TASK GOAL:
Output all of the data below without changing a word, and exclude the pictures.

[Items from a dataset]
*** Begin section ***

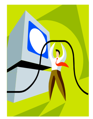
ProDoc is a great tool for practitioners and students alike.

"Love may be in the air during this time of year, but the law's interaction with love and marriage is not always romantic."
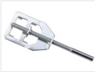
Screw clamp for screw-fitting enclosure
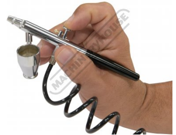
Shown In Use Paint Cup
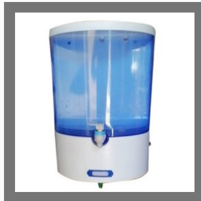
7 L Hand Sanitizer Machine
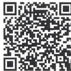
Washington Park School

WE LOOK FORWARD TO SEEING YOU AT THIS YEAR'S BOOK FAIR! THANK YOU FOR YOUR CONTINUED SUPPORT!
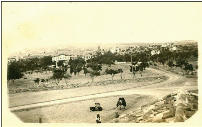
Figure 18A. Vineyard houses (Keçiören).

Çankaya had been one of the vineyard areas before it was connected to Yenışehir and became the most prestigious area of the capital city as one of the vineyard houses here was transformed into the President's House (Figure 18B). As requested by Mustafa Kemal, a vineyard house was searched for around Kavaklıdere and Çankaya, and the Kasapoğlu mansion that had once belonged to an Armenian merchant named Kasapyan was considered as a suitable choice (Yavuz, 2001, p.342). Falih Rifkî Atay argues that the house was owned by an English wool merchant (Atay, 1969, p.352; Yavuz, Y 2001, p.342); and Yavuz suggests that the house might have been used by both merchants in different periods. In 1921, the house was
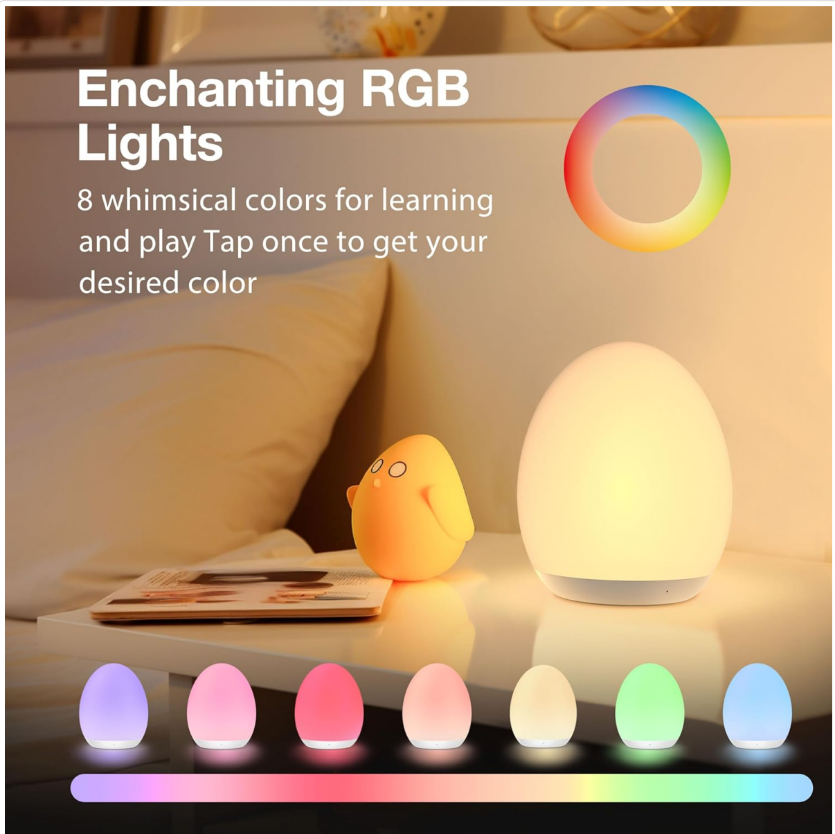
Figure 6: The night light displaying various enchanting RGB colors.

8 whimsical colors for learning and play Tap once to get your desired color
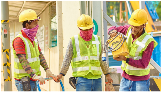
COVID-19: Advisories for Various Sectors
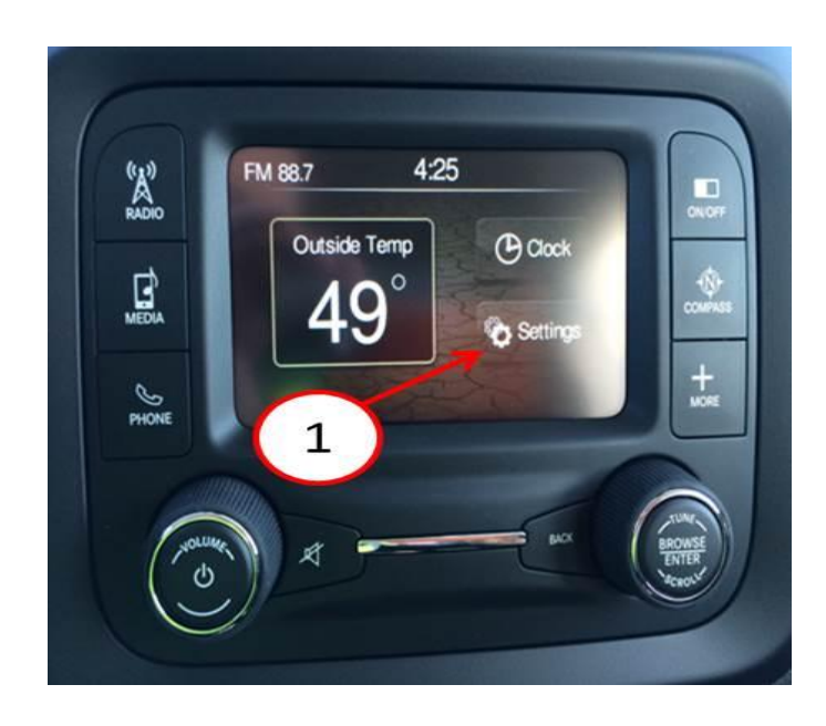
Fig. 7 Select Settings
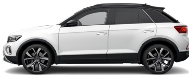
Pure White Solid Black Roof Grey Roof 0Q0Q 0QA1 0QX3
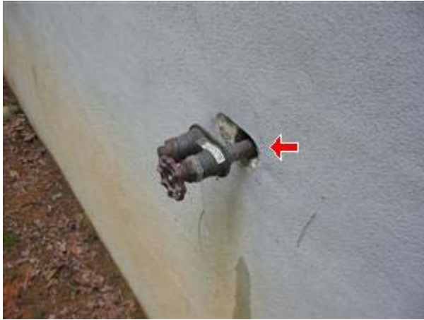
6.1 Picture 1

*** End section ***

RESULT OF THE TASK:
ProDoc is a great tool for practitioners and students alike.

"Love may be in the air during this time of year, but the law's interaction with love and marriage is not always romantic."
Screw clamp for screw-fitting enclosure
Shown In Use Paint Cup
7 L Hand Sanitizer Machine
Washington Park School

WE LOOK FORWARD TO SEEING YOU AT THIS YEAR'S BOOK FAIR! THANK YOU FOR YOUR CONTINUED SUPPORT!
Figure 18A. Vineyard houses (Keçiören).

Çankaya had been one of the vineyard areas before it was connected to Yenışehir and became the most prestigious area of the capital city as one of the vineyard houses here was transformed into the President's House (Figure 18B). As requested by Mustafa Kemal, a vineyard house was searched for around Kavaklıdere and Çankaya, and the Kasapoğlu mansion that had once belonged to an Armenian merchant named Kasapyan was considered as a suitable choice (Yavuz, 2001, p.342). Falih Rifkî Atay argues that the house was owned by an English wool merchant (Atay, 1969, p.352; Yavuz, Y 2001, p.342); and Yavuz suggests that the house might have been used by both merchants in different periods. In 1921, the house was
Figure 6: The night light displaying various enchanting RGB colors.

8 whimsical colors for learning and play Tap once to get your desired color
COVID-19: Advisories for Various Sectors
Fig. 7 Select Settings
Pure White Solid Black Roof Grey Roof 0Q0Q 0QA1 0QX3
6.1 Picture 1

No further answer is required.